Compression vs. retrieval. A map vs. the territory.

At a Glance

llm-tldr voitta-rag
Approach Static analysis → structural summaries Hybrid search → actual code chunks
Foundation Tree-sitter parsers (17 languages) Server-side indexing (language-agnostic)
Interface CLI + MCP server MCP server
Compute Local (embeddings, tree-sitter) Server-side

What Each Does Better

llm-tldr wins when you need to understand how code fits together:

  • Call graphs and dependency tracing across files
  • “What affects line 42?” via program slicing and data flow
  • Dead code detection and architectural layer inference
  • Semantic search by behavior — “validate JWT tokens” finds verify_access_token()

voitta-rag wins when you need the actual code:

  • Retrieving exact implementations for review or modification
  • Searching across many repositories indexed server-side
  • Tunable search precision (pure keyword ↔ pure semantic via sparse_weight)
  • Progressive context loading via chunk ranges — start narrow, expand as needed

The Interesting Part

These tools don’t compete — they occupy different layers of the same workflow. Use llm-tldr to figure out where to look and why, then voitta-rag to pull the code you need. Static analysis for navigation, RAG for retrieval.
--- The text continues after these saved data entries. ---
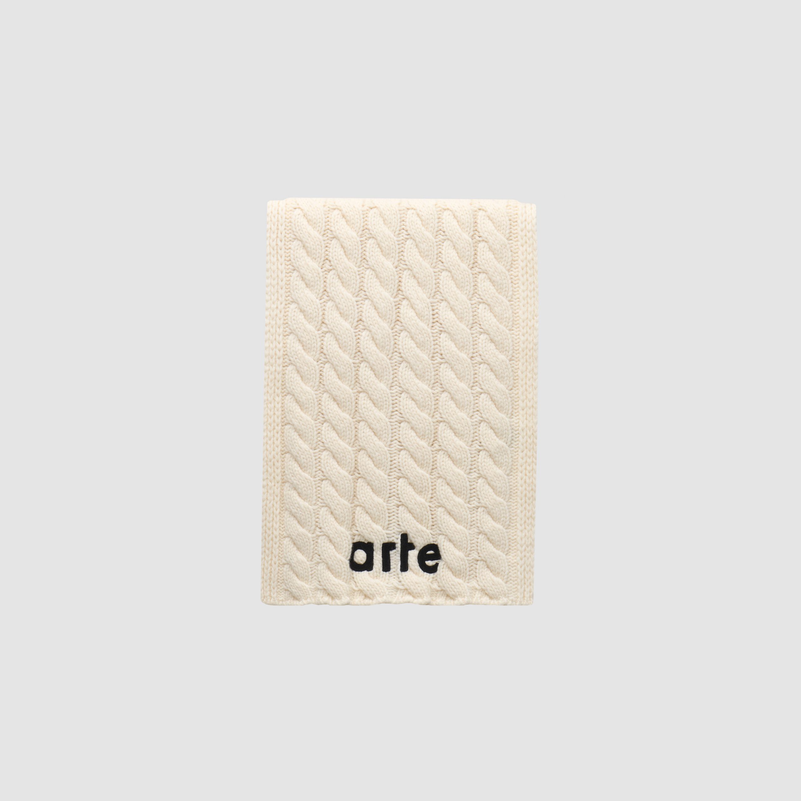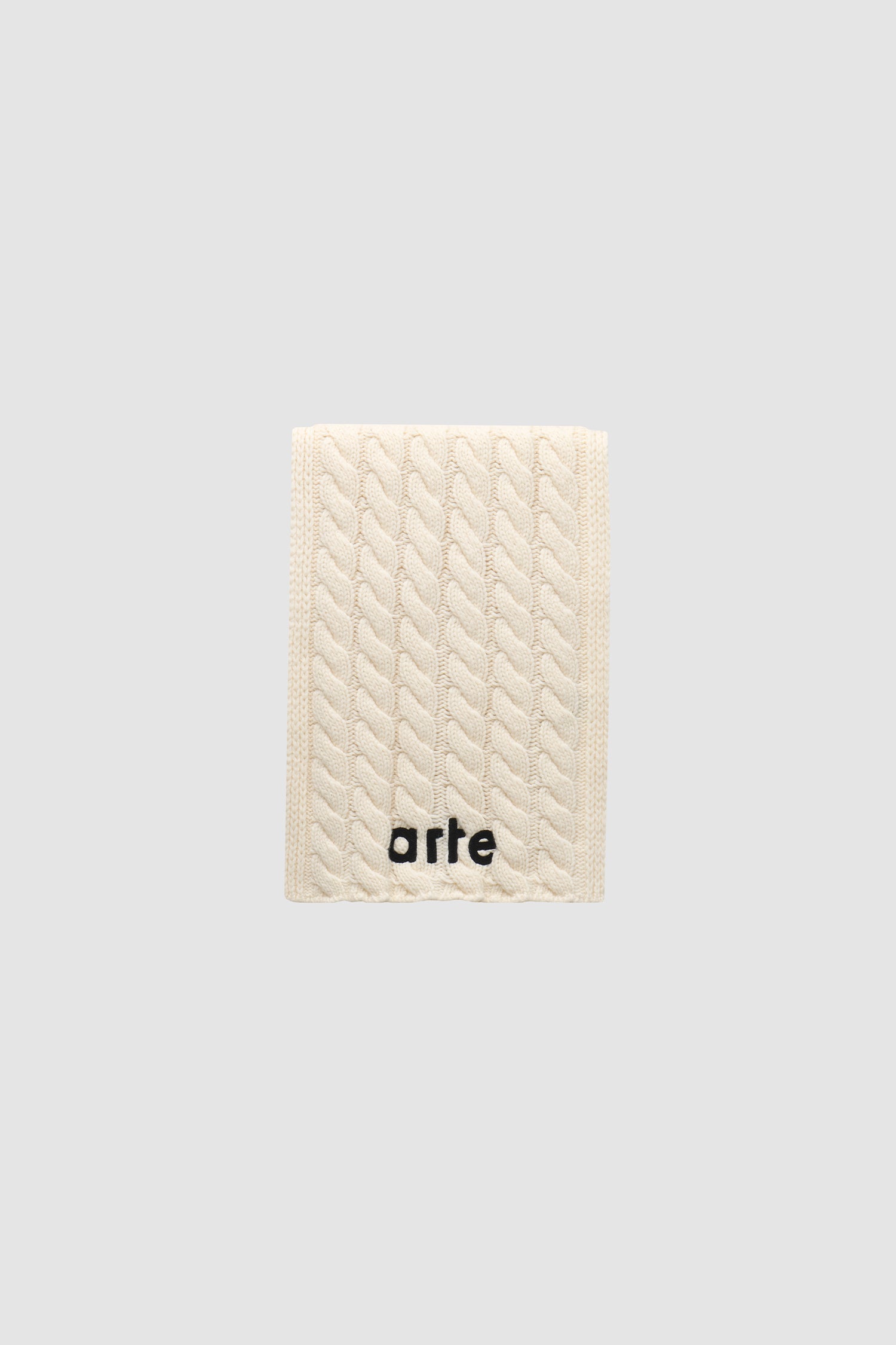Confectionnée en laine mélangée de première qualité au toucher doux, cette écharpe de couleur crème est ornée d’un logo Arte brodé en noir.
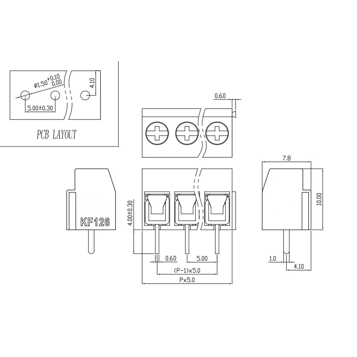 Secure your PCB wiring with this 3-pin KF126 screw terminal. Standard 5.0mm pitch, rated for 300V / 8A. Ideal for power and signal connections.
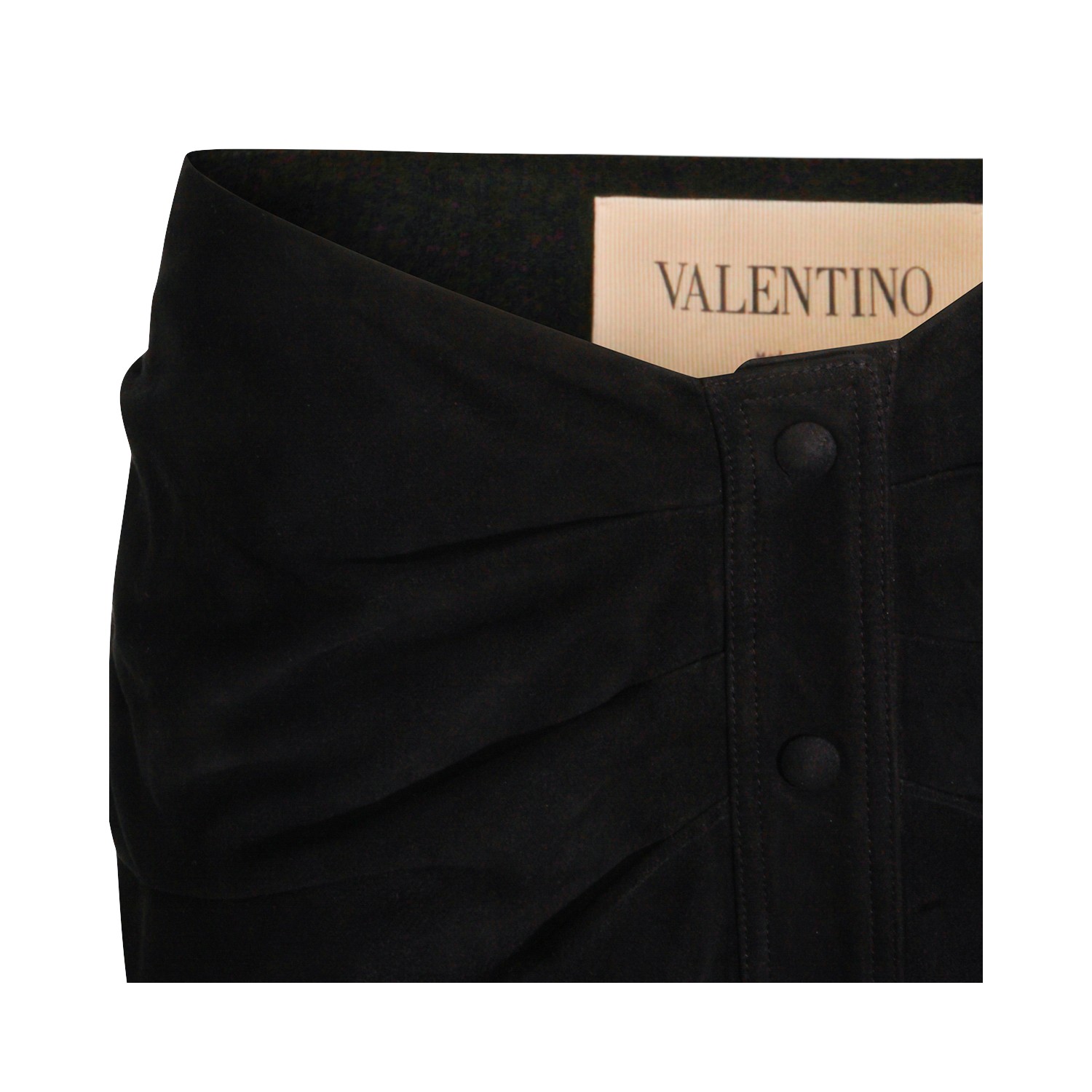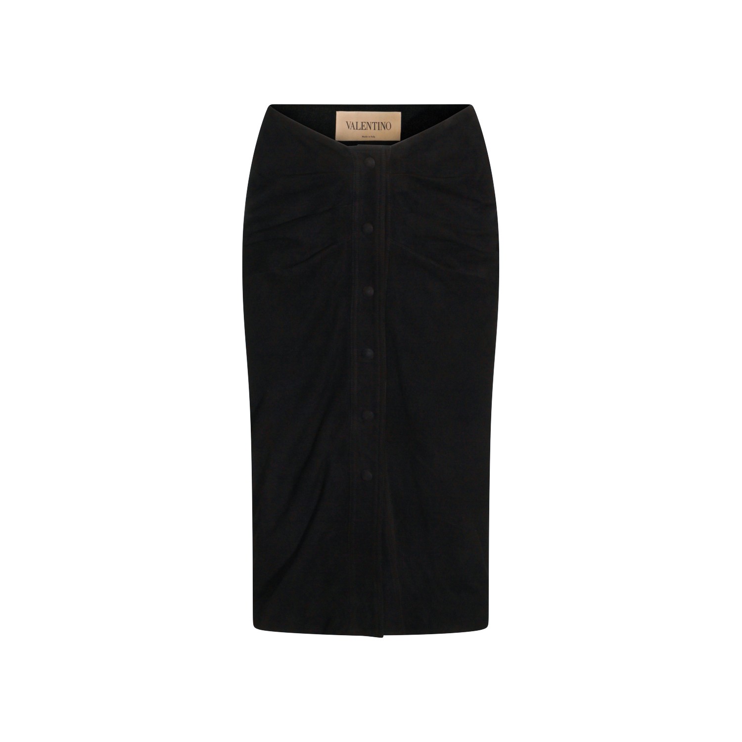 Black silk skirt from Valentino featuring high waist, pleats, button details, slit and slim fit.
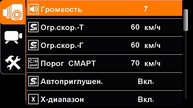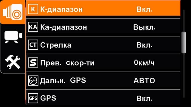 При навигации в меню настроек, которое можно вызвать только при остановленной записи, используются четыре кнопки в правой части — верхняя работает как выбор/подтверждения, вверх/вниз — навигация, «Меню» — вход в меню, выбор группы параметров, выход из меню. Всего в меню есть три раздела. Первый отвечает за работу радар-детектора, второй — за видеорегистратор, в третьем собраны системные параметры.
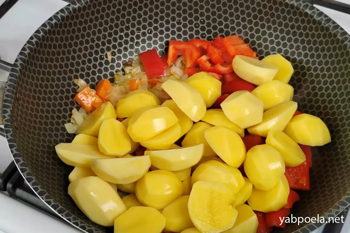Як тільки цибуля зазолотилася, додайте болгарський перець і відразу ж картоплю. Перемішайте і дайте овочам обсмажитись разом 5–7 хвилин.
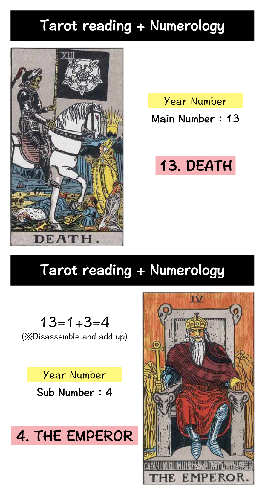 The “13. Death” card represents a year of change and transformation, signifying the end of one phase and the beginning of another. Paired with “4. The Emperor,” which symbolizes building a solid foundation and constructing one’s life, it suggests a year focused on planning and constructing the groundwork for your future.
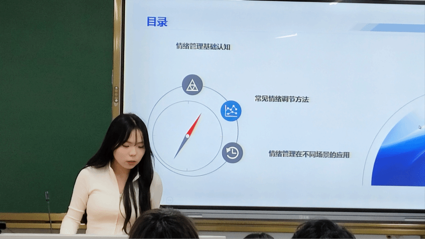 数字经济2442班申雨桐提出情绪的多样面貌并展开讲述了其调节方法,例如自我调节法、运动调节法、社交调节法等。这些宝贵的经验和方法,会成为同学们在学习生活中的有力武器,助力大家在数字世界中保持内心的宁静与强大。
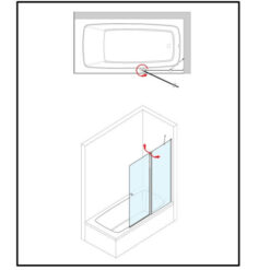 אמבטיון שחור עם דופן קבועה ודלת הנפתחת פנימה והחוצה 120 ס"מ.
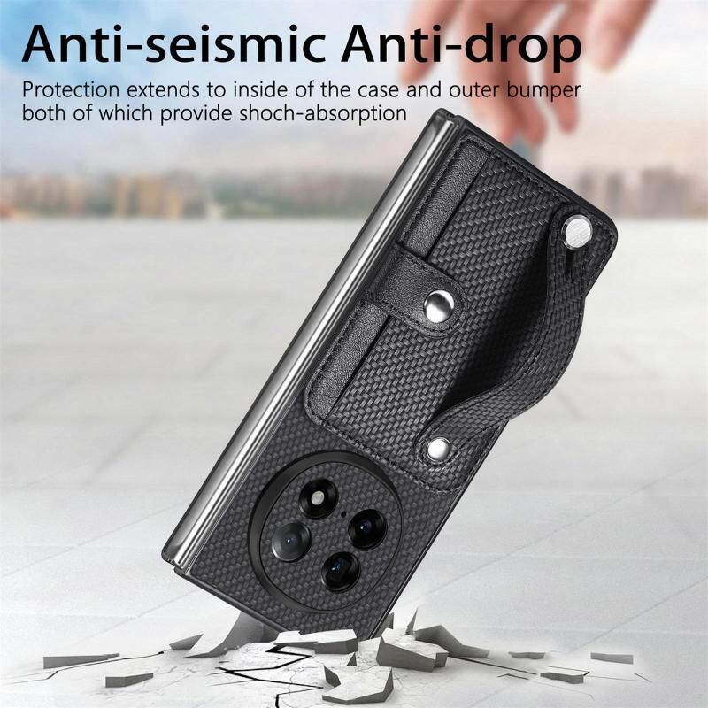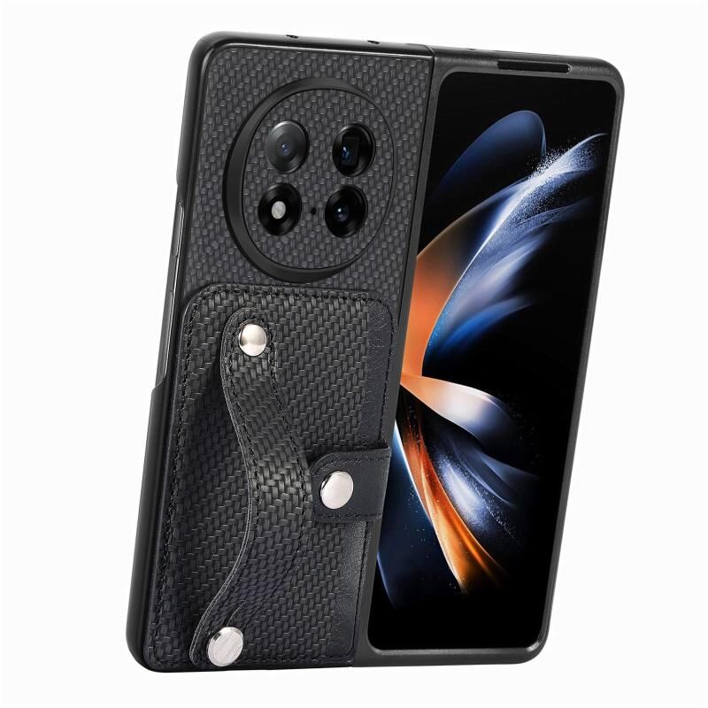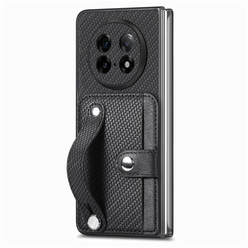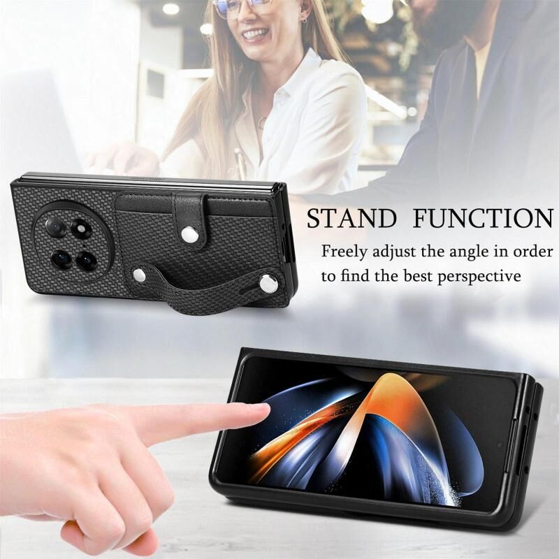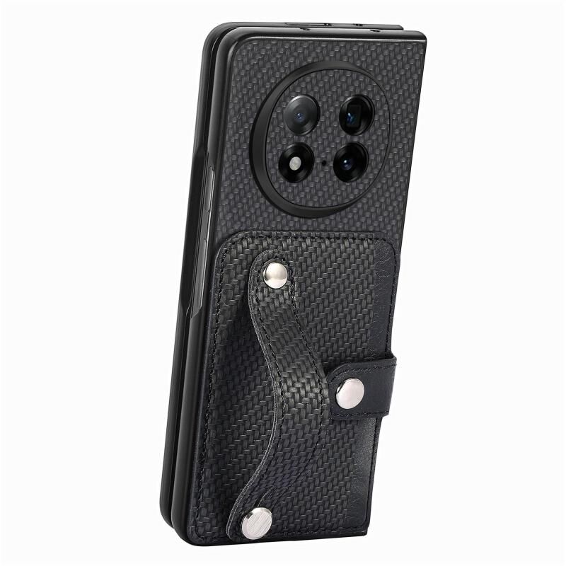 Θήκη κινητού τηλεφώνου για OPPO Find N5 με καρτοθήκη, βάση στήριξης και λουρί καρπού (Μαύρο)

This mirrors how experienced developers actually work: first you build a mental model of the architecture (“what calls what, where does data flow”), then you dive into specific files. One tool builds the mental model; the other hands you the files.

The fact that both expose themselves as MCP servers makes combining them straightforward — plug both into your editor or agent and let the LLM decide which to call based on the question.